▸ **EXERCISE REQUIREMENTS**
Output must consist only of the lines of the material below from the one with "2026 화천산천어축제 개막" through the one with "More bread baking!", each reproduced exactly; no pictures belong in it.

▸ **ENTRIES PROVIDED**
════════════════════
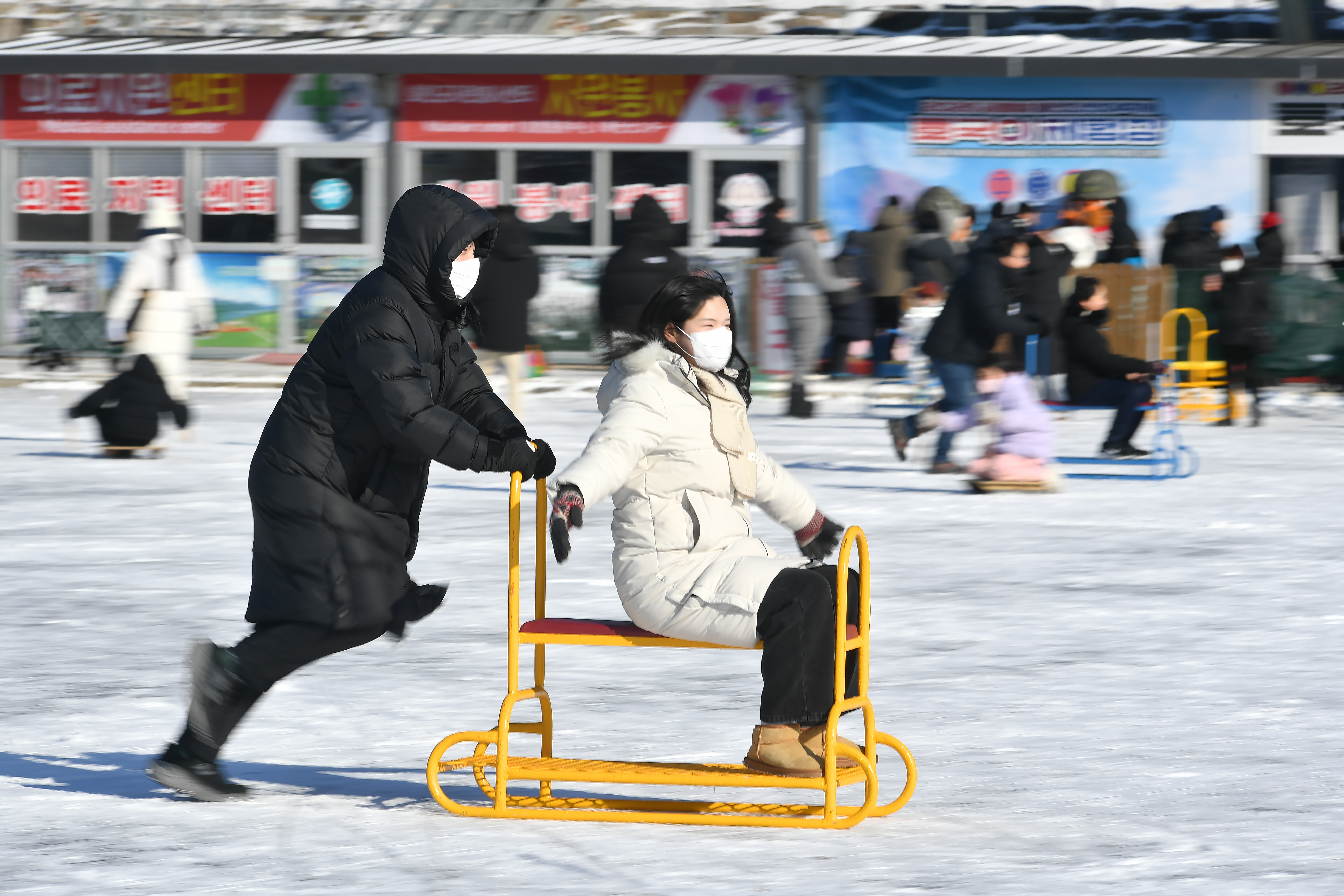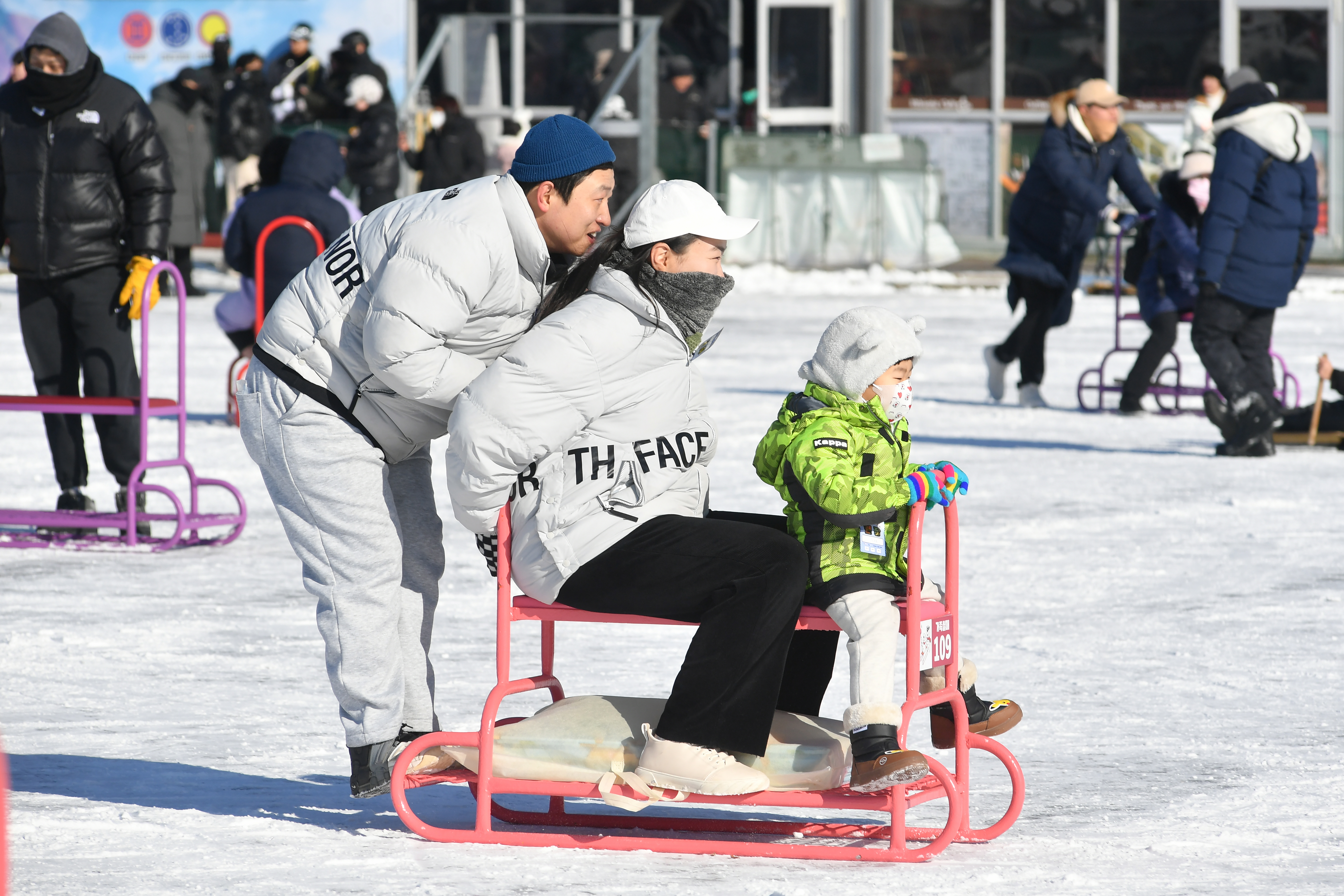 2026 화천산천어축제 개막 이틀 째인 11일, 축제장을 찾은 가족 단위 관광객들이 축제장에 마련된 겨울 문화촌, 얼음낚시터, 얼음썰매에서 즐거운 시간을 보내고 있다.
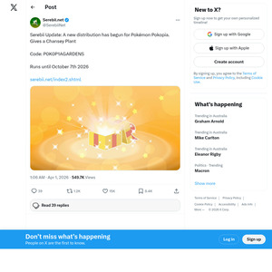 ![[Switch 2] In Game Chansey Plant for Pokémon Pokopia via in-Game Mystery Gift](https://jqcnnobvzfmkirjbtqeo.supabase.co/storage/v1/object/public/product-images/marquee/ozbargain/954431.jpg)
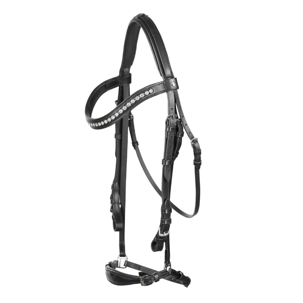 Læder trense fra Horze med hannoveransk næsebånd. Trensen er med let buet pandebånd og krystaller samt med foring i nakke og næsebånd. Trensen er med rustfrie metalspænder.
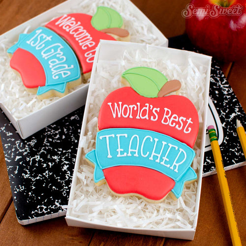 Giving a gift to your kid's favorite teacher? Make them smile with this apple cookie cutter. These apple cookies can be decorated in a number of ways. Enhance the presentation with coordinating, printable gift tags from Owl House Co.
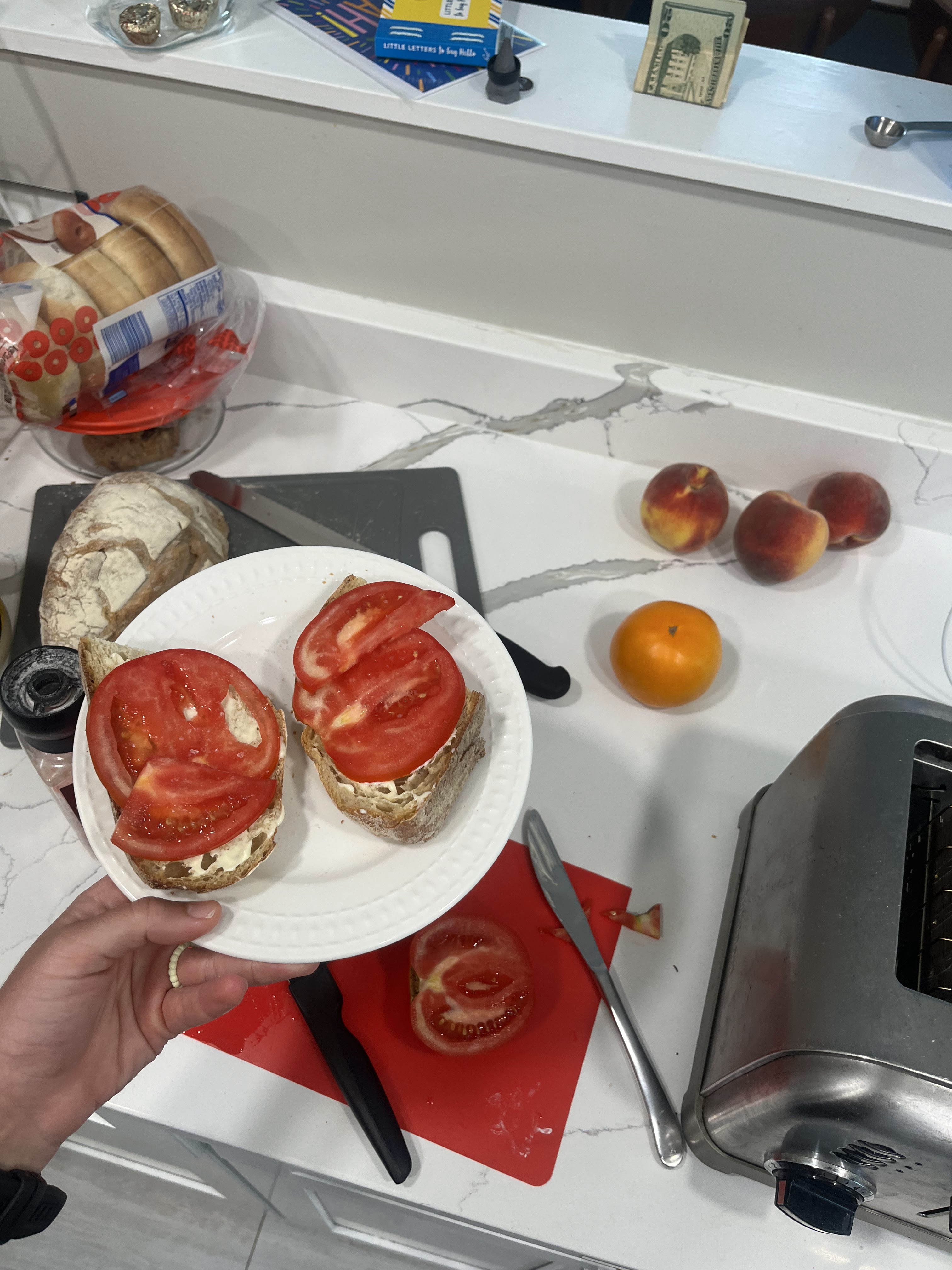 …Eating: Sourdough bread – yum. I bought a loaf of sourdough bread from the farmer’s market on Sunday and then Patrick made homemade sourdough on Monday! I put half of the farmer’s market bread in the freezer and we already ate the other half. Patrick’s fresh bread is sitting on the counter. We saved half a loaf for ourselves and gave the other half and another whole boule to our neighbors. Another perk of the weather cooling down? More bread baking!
════════════════════
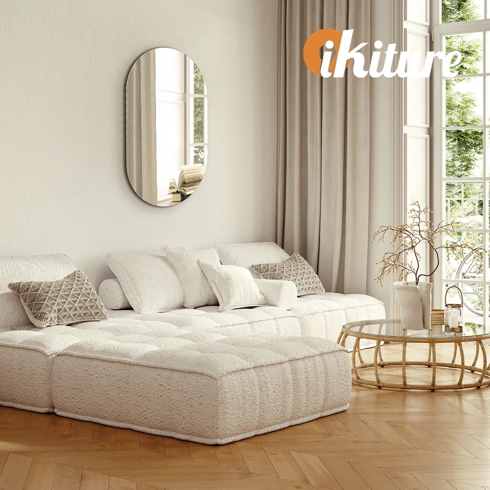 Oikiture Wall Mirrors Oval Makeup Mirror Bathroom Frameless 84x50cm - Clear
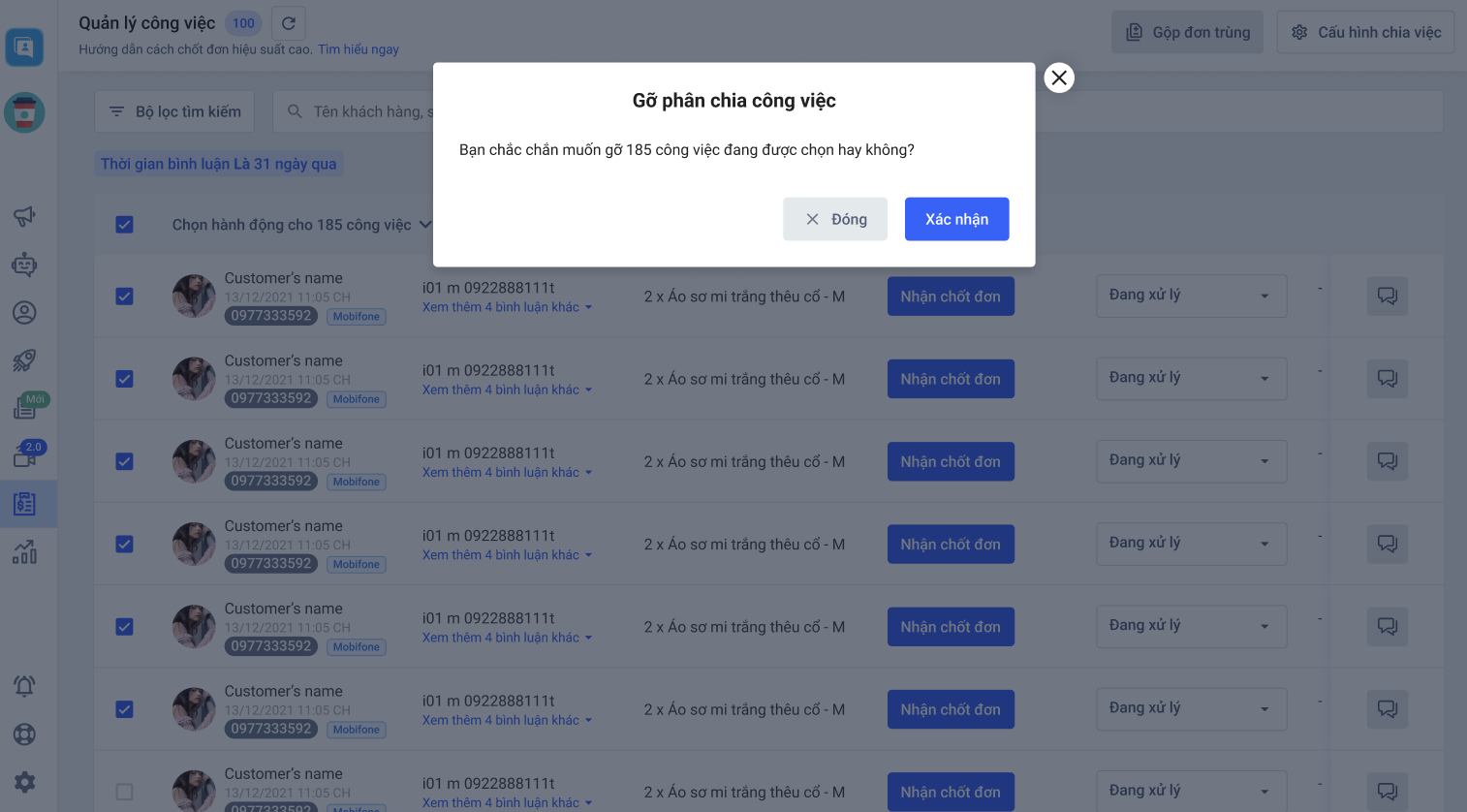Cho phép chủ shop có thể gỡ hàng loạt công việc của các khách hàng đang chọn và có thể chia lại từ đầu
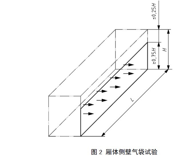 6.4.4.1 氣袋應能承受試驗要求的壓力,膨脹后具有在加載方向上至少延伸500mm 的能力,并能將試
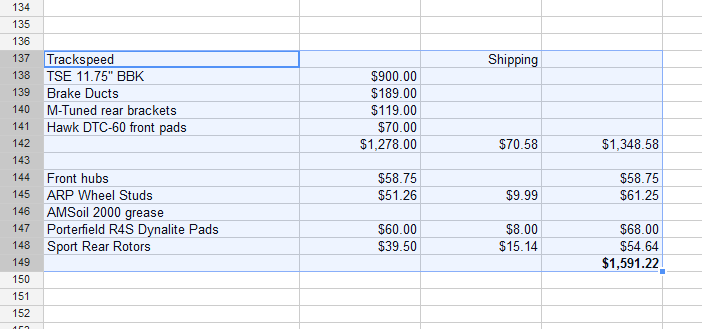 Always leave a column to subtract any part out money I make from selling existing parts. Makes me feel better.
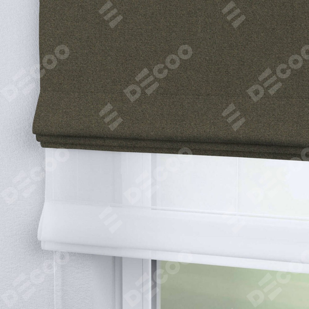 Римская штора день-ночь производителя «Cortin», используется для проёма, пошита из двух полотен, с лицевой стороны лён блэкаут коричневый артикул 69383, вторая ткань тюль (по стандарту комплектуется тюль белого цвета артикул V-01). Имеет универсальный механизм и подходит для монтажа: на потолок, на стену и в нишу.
════════════════════
▸ **ANSWER**
 2026 화천산천어축제 개막 이틀 째인 11일, 축제장을 찾은 가족 단위 관광객들이 축제장에 마련된 겨울 문화촌, 얼음낚시터, 얼음썰매에서 즐거운 시간을 보내고 있다.
 ![[Switch 2] In Game Chansey Plant for Pokémon Pokopia via in-Game Mystery Gift](https://jqcnnobvzfmkirjbtqeo.supabase.co/storage/v1/object/public/product-images/marquee/ozbargain/954431.jpg)
 Læder trense fra Horze med hannoveransk næsebånd. Trensen er med let buet pandebånd og krystaller samt med foring i nakke og næsebånd. Trensen er med rustfrie metalspænder.
 Giving a gift to your kid's favorite teacher? Make them smile with this apple cookie cutter. These apple cookies can be decorated in a number of ways. Enhance the presentation with coordinating, printable gift tags from Owl House Co.
 …Eating: Sourdough bread – yum. I bought a loaf of sourdough bread from the farmer’s market on Sunday and then Patrick made homemade sourdough on Monday! I put half of the farmer’s market bread in the freezer and we already ate the other half. Patrick’s fresh bread is sitting on the counter. We saved half a loaf for ourselves and gave the other half and another whole boule to our neighbors. Another perk of the weather cooling down? More bread baking!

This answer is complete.